* Goal of the exercise *
Excluding any images, copy all of the lines below precisely as written.

* Provided material *
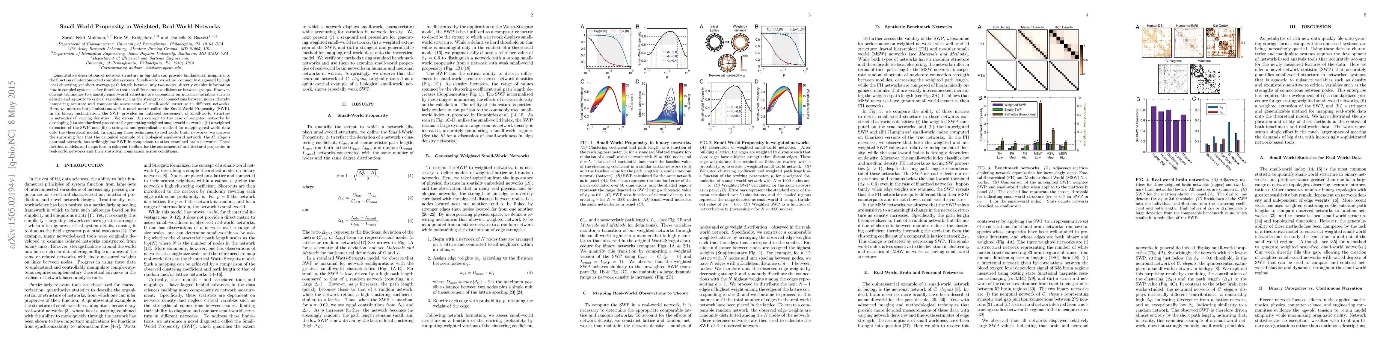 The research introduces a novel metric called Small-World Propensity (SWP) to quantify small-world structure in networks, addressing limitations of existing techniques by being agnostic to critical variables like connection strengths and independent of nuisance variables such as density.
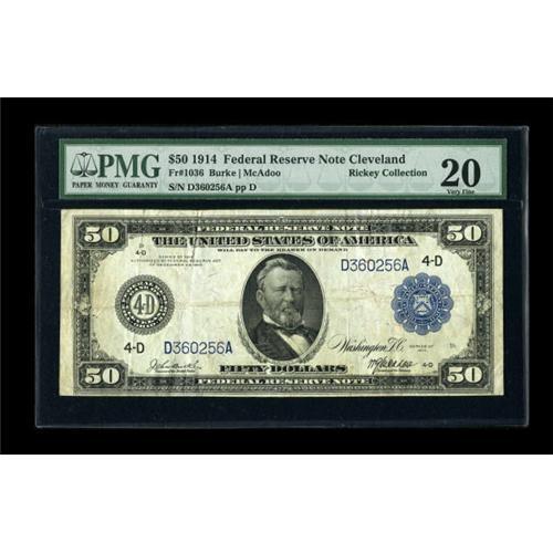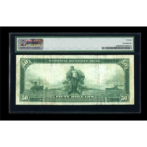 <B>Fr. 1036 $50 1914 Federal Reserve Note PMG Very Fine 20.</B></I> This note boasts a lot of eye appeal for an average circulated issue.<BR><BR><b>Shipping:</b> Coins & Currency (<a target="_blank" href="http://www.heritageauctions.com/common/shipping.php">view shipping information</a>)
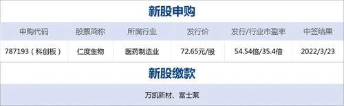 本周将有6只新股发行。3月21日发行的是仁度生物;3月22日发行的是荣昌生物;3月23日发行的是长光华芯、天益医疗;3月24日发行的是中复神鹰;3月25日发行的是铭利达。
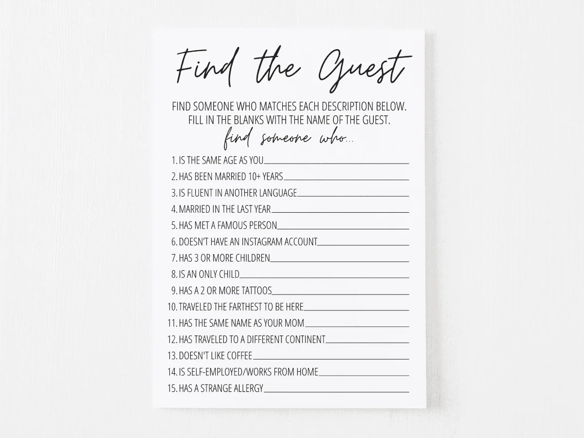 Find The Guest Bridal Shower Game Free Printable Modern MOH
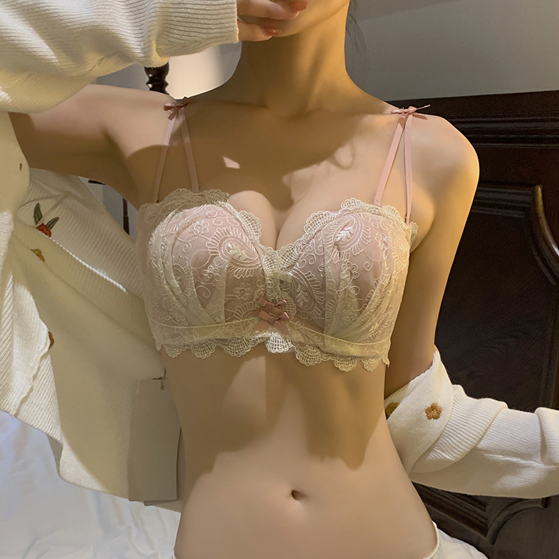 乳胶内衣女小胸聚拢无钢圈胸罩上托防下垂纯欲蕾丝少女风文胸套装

* Exercise response *
 The research introduces a novel metric called Small-World Propensity (SWP) to quantify small-world structure in networks, addressing limitations of existing techniques by being agnostic to critical variables like connection strengths and independent of nuisance variables such as density.
 <B>Fr. 1036 $50 1914 Federal Reserve Note PMG Very Fine 20.</B></I> This note boasts a lot of eye appeal for an average circulated issue.<BR><BR><b>Shipping:</b> Coins & Currency (<a target="_blank" href="http://www.heritageauctions.com/common/shipping.php">view shipping information</a>)
 本周将有6只新股发行。3月21日发行的是仁度生物;3月22日发行的是荣昌生物;3月23日发行的是长光华芯、天益医疗;3月24日发行的是中复神鹰;3月25日发行的是铭利达。
 Find The Guest Bridal Shower Game Free Printable Modern MOH
 乳胶内衣女小胸聚拢无钢圈胸罩上托防下垂纯欲蕾丝少女风文胸套装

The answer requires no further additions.